彼と恋のレベル上げ(10/6おまけ追加)

午後はゆっくりというか、ずっと主任が離してくれてなくて、後ろから抱きかかえられて髪をいじられたりしてる。

後ろから抱かれてるのもいいけど、主任の顔見たいんですけど。
だってまたしばらく会えなくなっちゃうのに。
しっかりと目に焼き付けておきたい。


「ジュン、さん?」

「んー?」

「あの、…こういうのもいいんですけど、えと、あの……ちゃんと顔が見たいっていうか…」


うまく言えなくて途中で言葉に詰る。

そしたら主任は急に私を立たせると「はい、座って?」って、今度は足の間じゃなくて横抱きにして主任の膝の上に座らせようとするから


「そうじゃなくてですね。
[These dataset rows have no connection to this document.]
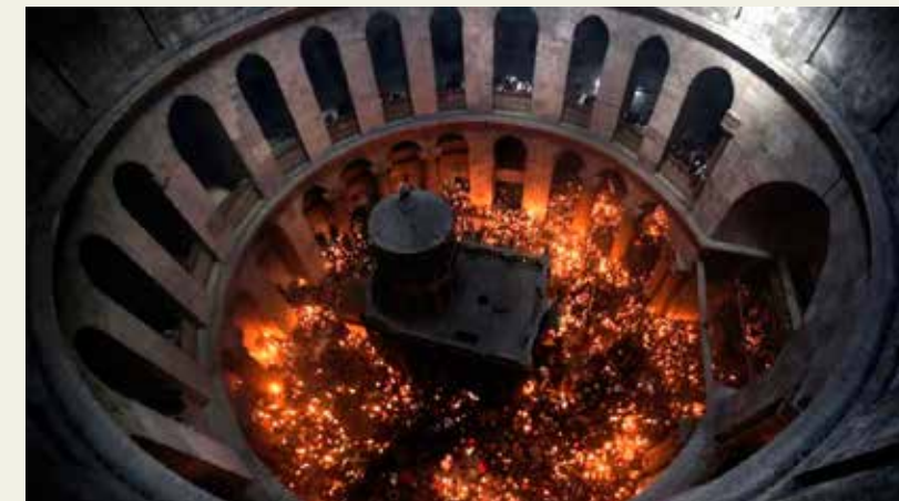
Unutrašnjost bazilike Svetog groba
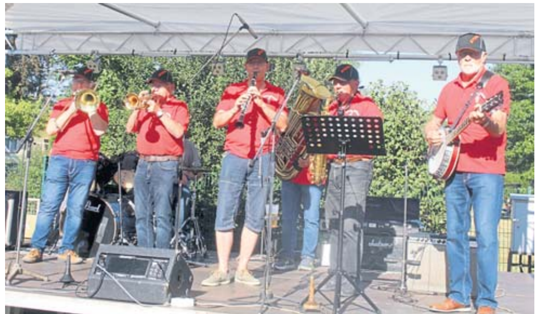
Die Dixie Oldies begeisterten mit ihrem New Orleans Jazz.

Glücklicherweise war das Fasschen Bier rechtzeitig eingetroffen, so dass der noch amtierende Kalte-Markt-Prä-
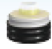
鋼管の中へ GNGWA を挿入。
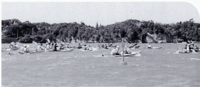
▲荒波を気にせず元気にスタート
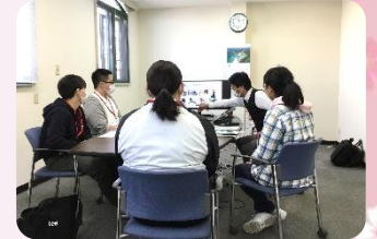
車椅子の特徴について説明をしています。
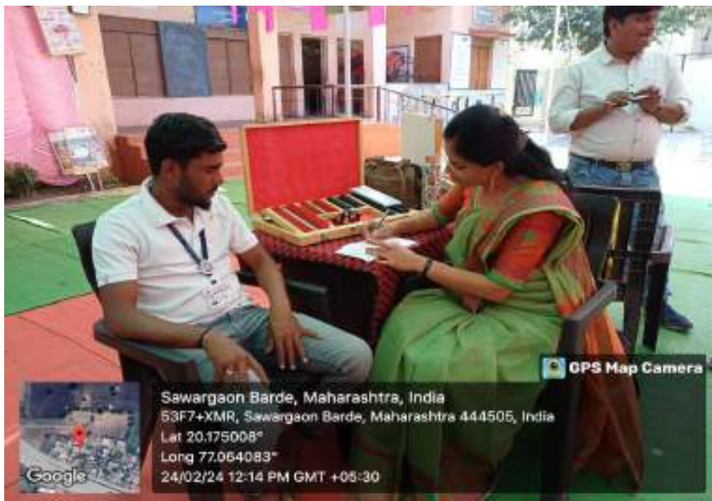
Photograph of Eye-check camp, date 24/02/2024
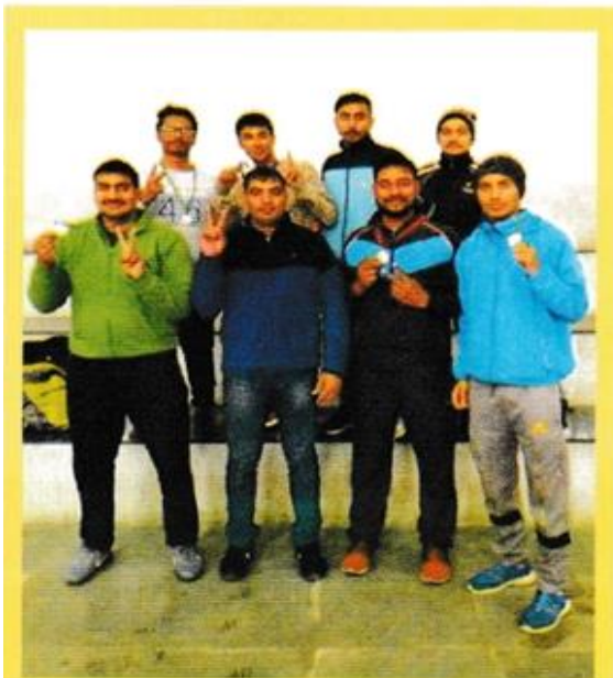
Inter college Wushu championship (1 Gold, 3 Silver, 1 Bronze)
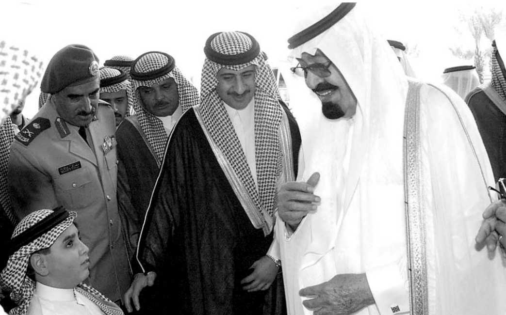
سمو ولي العهد يلاطف أحد اشبال الوطن خلال جولته في المدينة
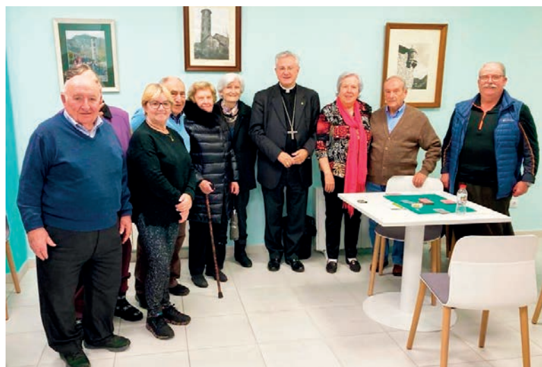
Durant la Visita Pastoral, Mons. Vives també tingué ocasió de conèixer de primera mà diverses institucions socials de la Parròquia, entre les quals la Fundació Privada nostra Senyora de Meritxell (a dalt a l'esquerra), la residència d'ancians El Cedre (a la dreta), la Clínica Sant Vicenç d'Enclar (a sota a l'esquerra) i la Casa Pairal de Santa Coloma

Parròquia i els membres del Comú a la Casa Pairal.
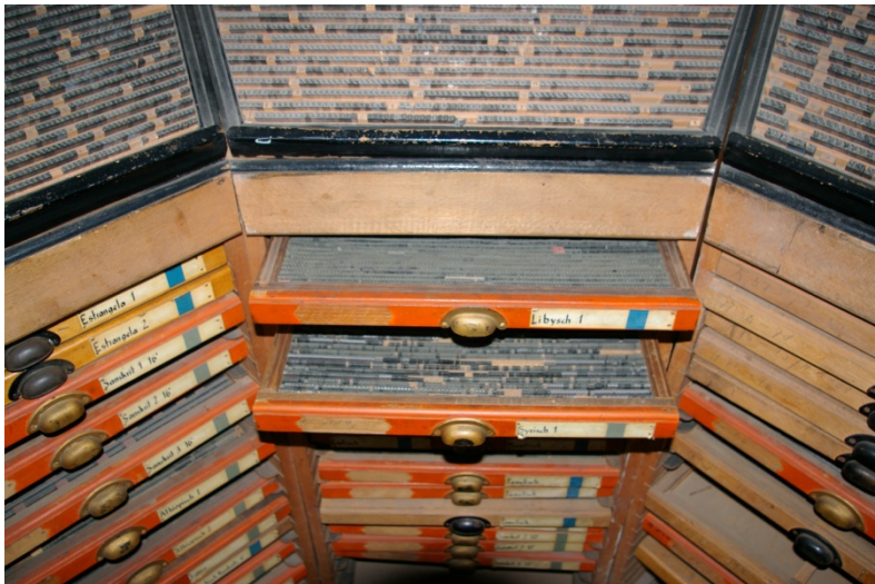
Der chinesische Zirkel (um 1926)

Leistung, von Heinrich Wilhelm Augustin von Anfang an geradezu programmatisch beabsichtigt war, prägte auch die spätere Vielfalt virtueller Programme. Der universelle Anspruch der glückstädter Technologie der 20iger Jahre wiederholt sich in den 90iger Jahren im Schritt von „ASCII-Code“ zum „Unicode Consortium“. Deren Datensätze wurden von den umfangreichen begehbaren Rund-Setzkästen der 20iger Jahre im Stammhaus der Augustins präfiguriert und leisten virtuell jetzt das, was bereits die Auftraggeber des analogen Druck verlangten: Sprachen und Phoneme der Welt, menschliche Stimmen in sich revolutionierenden Medien zeichenhaft zu fixieren und sprachklanglich reproduzierbar zu machen: also, die „Laute“ und die „Musik“ der Weltkommunikation zu objektivieren und damit jederzeit reproduzierbar zu machen.
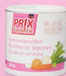
Bouillon de légumes Prix Garantie, 500 g (100 g = -.79) 3.95
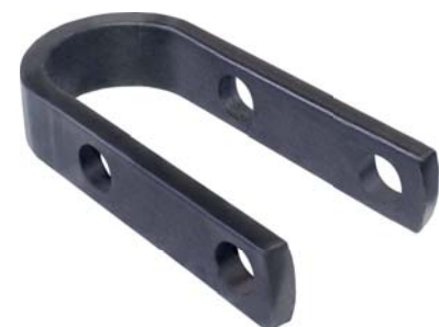
146.400 = CHAPA DE JUMELO TIPO "U" DIANT. D-60 / D-70 / DETROIT
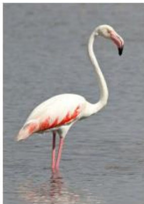
LE FLAMANT ROSE
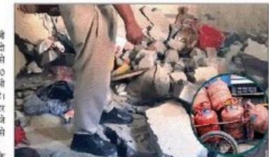
गुजरात की सुबह करीब 8 बजे यह हादसा हुआ, जब घर के अंदर बड़े सिलिंडर से छोटे सिलिंडर में गैस भर जा रही थी।

यमुनानगर में गुजरात की एक एलपी गैस सिलिंडर फटने से सात बच्चों और दो महिलाओं समेत 11 लोग गंभीर रूप से घायल हो गए। सात बच्चों का शरीर 50 से 60 प्रतिशत जलून तक पहुंच गया। एक गर्भवती भी झुलसी है, जिसकी हालत नाजुक है।
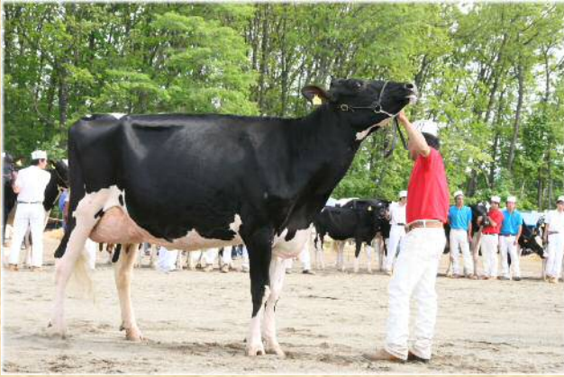
帯広ブラック&ホワイトショウ（6月上旬）
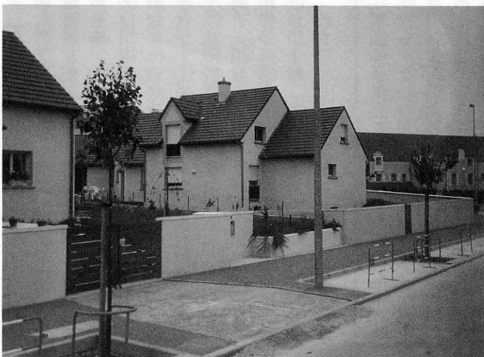
▲街灯以外地上にない住宅地

や戦争等から免れたため、ゴシック調の公的建物、民家、宿舎、記念物が数多く残っており、市はその保護と活用に取り組んだ。まず市の中心地区を保存区域に指定、地区内住民との協議を重ねて、道路については歩道を広く、車道は車が通れる幅とし、路上に駐車できないようにした。その対策として地下に駐車場を整備している。広くした歩道には石畳やモニュメントを配置し、歴史ある街並みと調和
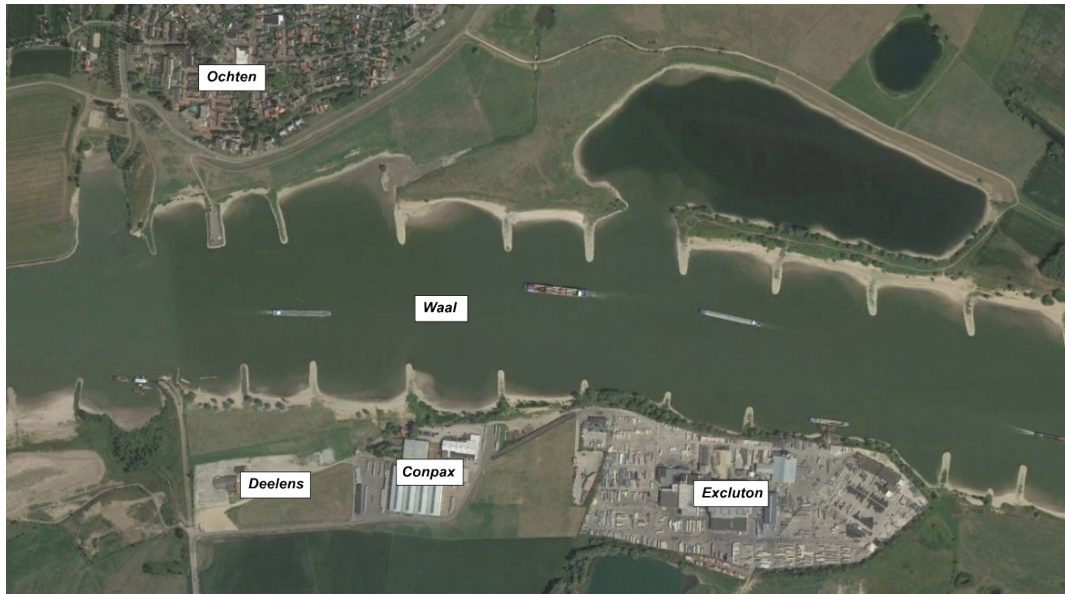
Figuur 2.5: Luchtfoto bedrijfsterein ten opzichte van de waal

Ter hoogte van het voormalig Deelensterrein ligt het bedrijventerrein het dichtst bij Ochten (Zie figuur 2.5). Door een combinatie van inrichtings- en beheermaatregelen zal daar het bedrijventerrein landschappelijk worden ingepast.
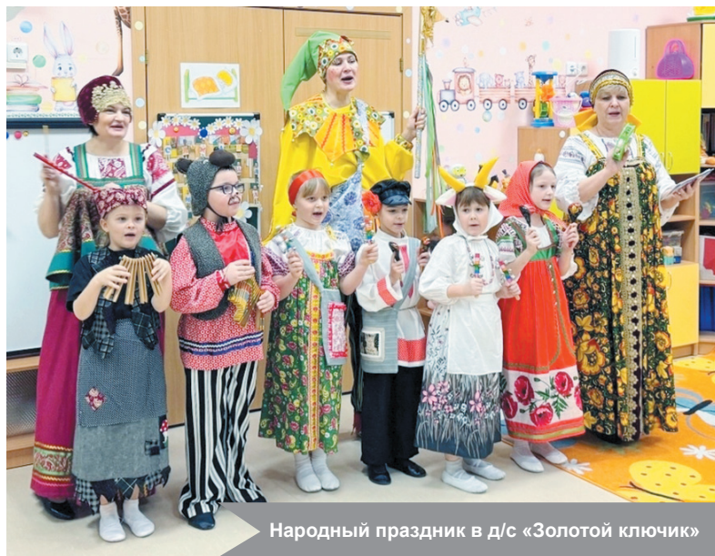
Народный праздник в д/с «Золотой ключик»

Традиционный народный праздник – рождественские колядки – с размахом отметили в детском саду «Золотой ключик». Мероприятие объединило воспитанников всех возрастов и сотрудников учреждения, подарив всем участникам яркие эмоции и погружение в старинные обычаи.
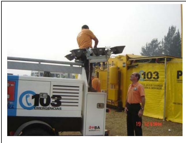
Puesta en marcha de las torres de iluminación
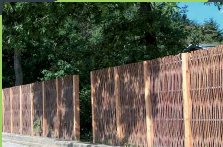
Afskærmning ved skolegård.

VESTKYSTHEGNET er designet til private haver og boliger. Et handy havehegn med unik finish; førsteklases kvalitet, udviklet med afsæt i det præmierede koncept DET GRØNNE ELEMENT®.
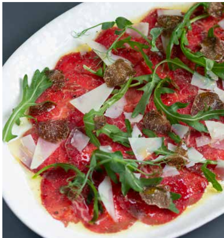
КАРПАЧО ИЗ ГОВЯДИНЫ 95 г | 1350 Р чёрный трюфель, руккола, сыр Грана Подано.
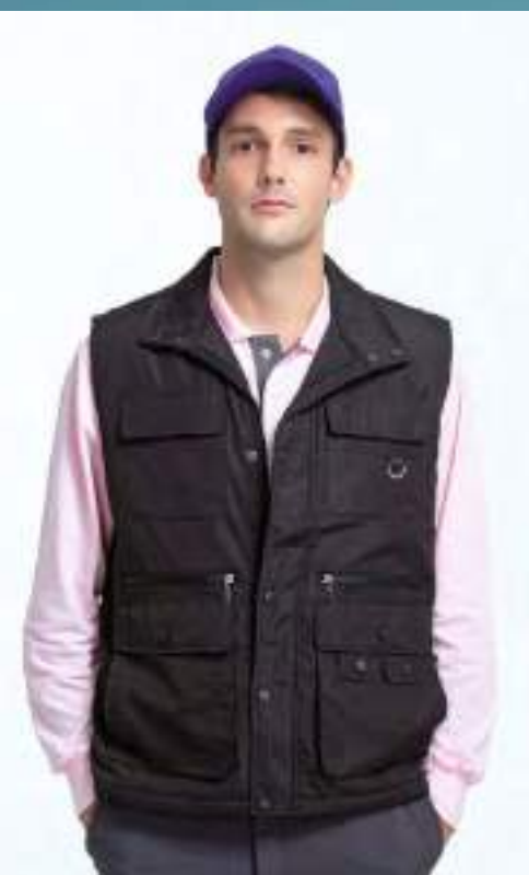
多口袋背心 售價 $2250
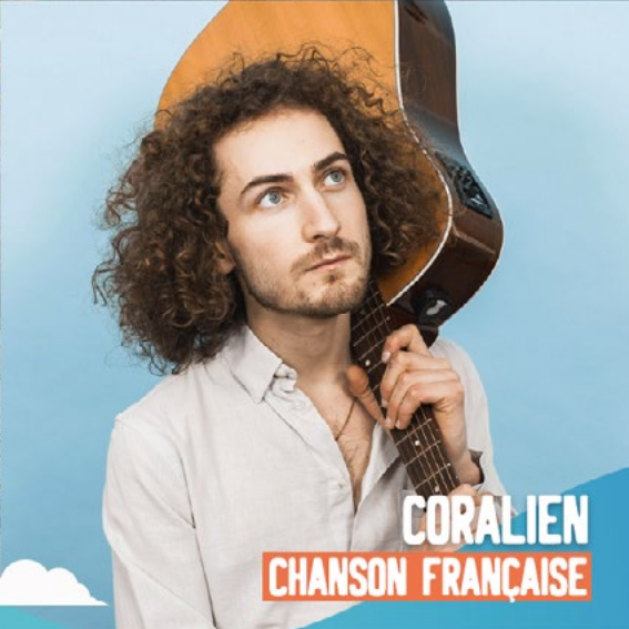
CORALIEN CHANSON FRANÇAISE
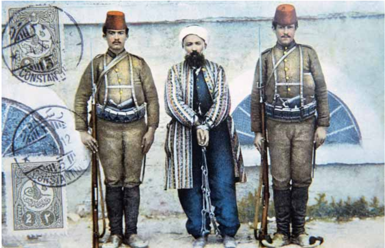
Gefangener in Ketten
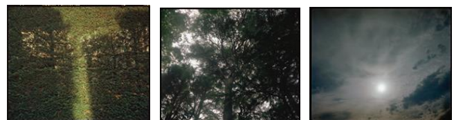
鳶村 吉祥丸 ‘Unusual Usual’ (5階客室)
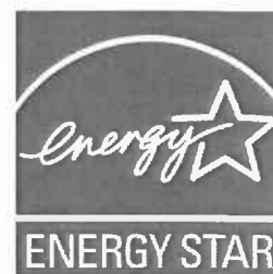
[図4] 国際エネルギースターロゴ
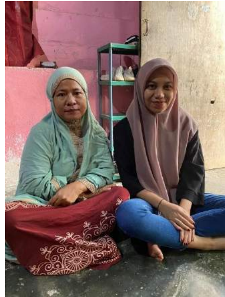
Dokumentasi demonstrasi pembuatan formula 100
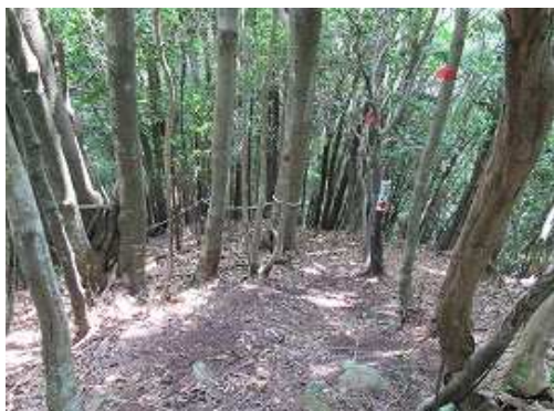
急斜面の滑りやすい下りが続く。
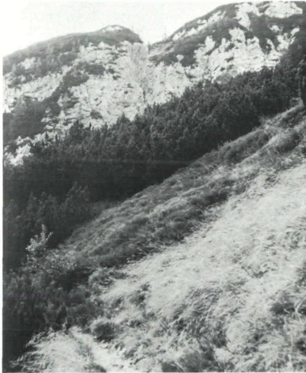
Abb. 7: Festucetum calvae Subass. v. Mercurialis perennis unterhalb der Velika Dnina. Deutliche Zonierung: Festucetum calvae (rechts unten), Genista radiata -Saum mit Festuca calva (Bildmitte), dahinter Pinus mugho -Bestand.

Gegenüber den zuvor beschriebenen Subass. ist das Festucetum calvae Subass. v. Mercurialis perennis klimatisch begünstigt. Die Gesellschaft besiedelt windgeschützte, wärmebegünstigte (Reflexion an den steilen Felswänden) und im Winter meist schneebedeckte S-Hänge (20° Neigung). Für den günstigen Wärmehaushalt unserer Subass. spricht das Vorkommen von Viola collina in Höhenlagen um 1600 m s.m.
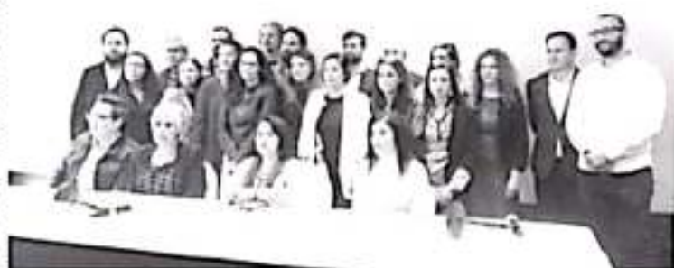
La coalición, integrada por 17 organizaciones internacionales, tachó de irresponsable y peligrosa las descalificaciones hacia la prensa por parte del presidente de la República.

De diciembre a la fecha el presidente ha atacado en al menos 30 ocasiones de manera directa a la prensa durante las conferencias matutinas con frases como "le muerden la mano a quien les quitó el bozal", luego de ser cuestionado sobre el operativo en Cubaán el
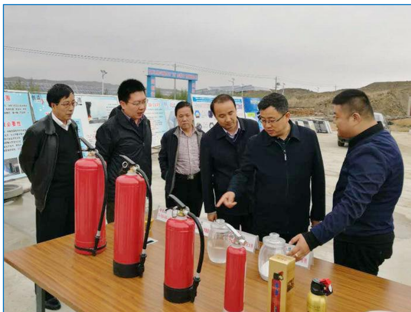
自治区经济和信息化委党组书记、主任 赵旭辉调研项目建设

制定公开了《自治区工业企业贷款风险保证金及补偿管理暂行办法》《宁夏回族自治区固定资产投资项 目节能审查管理办法》编制了《自治区工业企业技术改造投资指导目录（2017年本）》，及时公开了投资项目 管理改革政策落实情况。
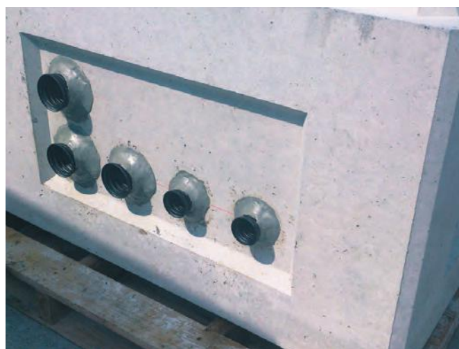
▲樹脂製配管を所定の位置にWKで固定
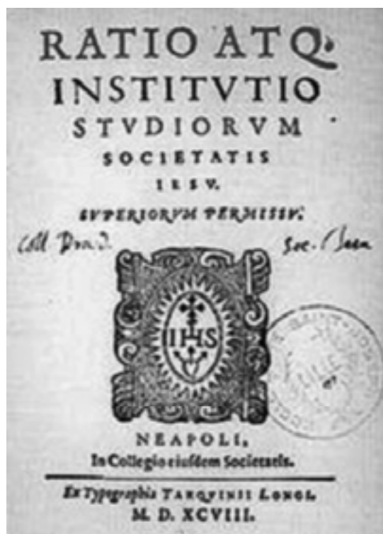
Ratio Studiorum , 1598.

A Companhia de Jesus tomou como modelo de sua pedagogia os ginásios protestantes e, sob influência humanista, incorporou ao currículo a literatura clássica. O método pedagógico utilizado pelos jesuítas foi uma detalhada elaboração produzida pelo Geral da Ordem, Claudio Acquaviva, em 1599, chamado de Ratio Studiorum . Nesse documento, estão prescritas que práticas educacionais deveriam ser adotadas, o currículo dos cursos, como deveria ser a administração dos
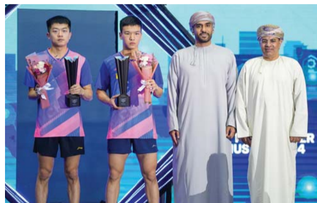
تتويج فئة زوجي الرجال
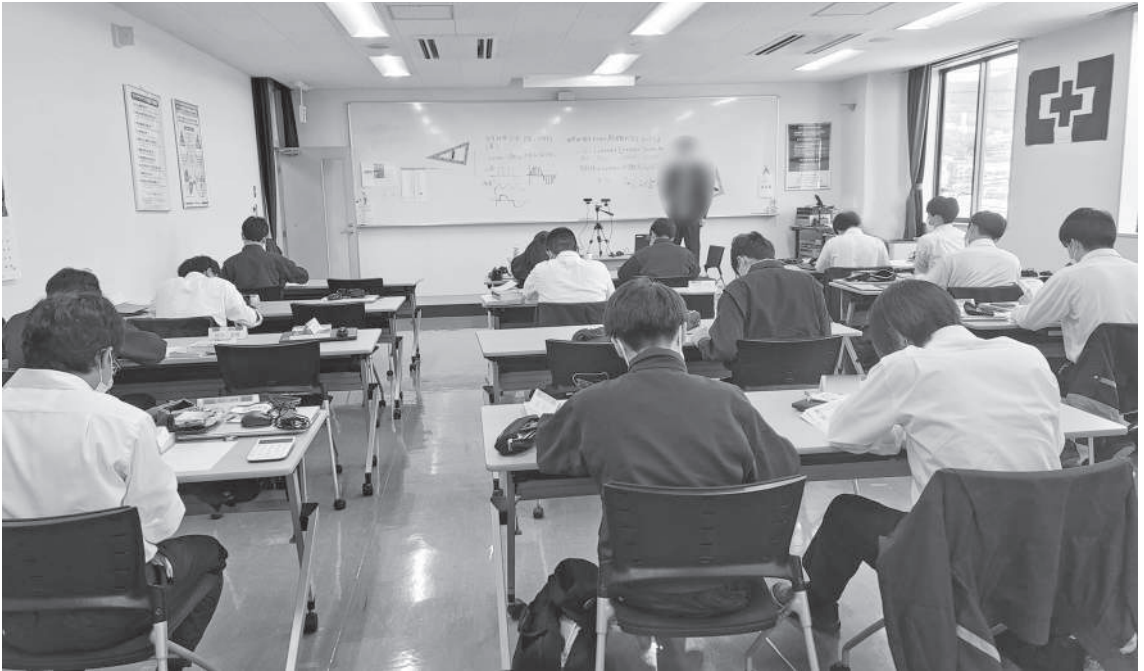
▲電験三種の講義風景。新入職員は対面式で、そのほかの受験者はオンラインで受講する。外部講師を招いた講義で4科目を徹底的に学ぶ。
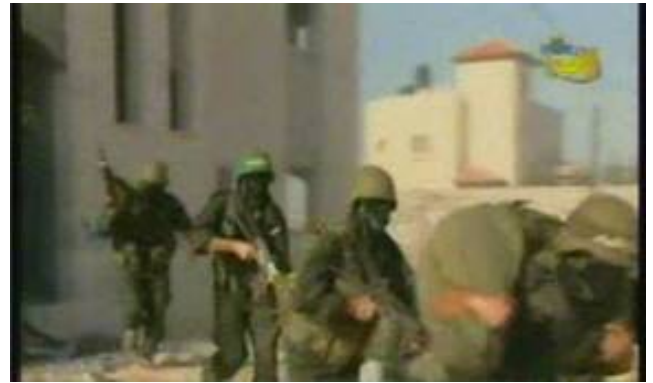
Entraînements d'agents des Brigades Izzedine el-Qassam au camp de réfugiés de Nuseirat (chaîne Al-Aqsa, 30 octobre)

……うわぁ」


ーーーポスン


しっかり膝の上に座らされて、ゴキゲンな様子の主任の顔が近くに。

近いです、近すぎです。
だからそうじゃなくって、ちょっと離れたところで見つめてたいって言うか。
一緒の事務所にいた頃みたいに、主任のこと見たいなって思ったんだけど。


「そういえば、前もこんなことありましたね?」


ニコニコ顔で言う主任に、嫌な予感がして。


「…まさか、あれってこうなるって分かってて腕引っ張ったんですか?」


だってあの時すごい熱でしたよ?
それに、


「熱があると人間って本能には逆らえないみたいですね」


あぁ、主任って本気で悪魔だ。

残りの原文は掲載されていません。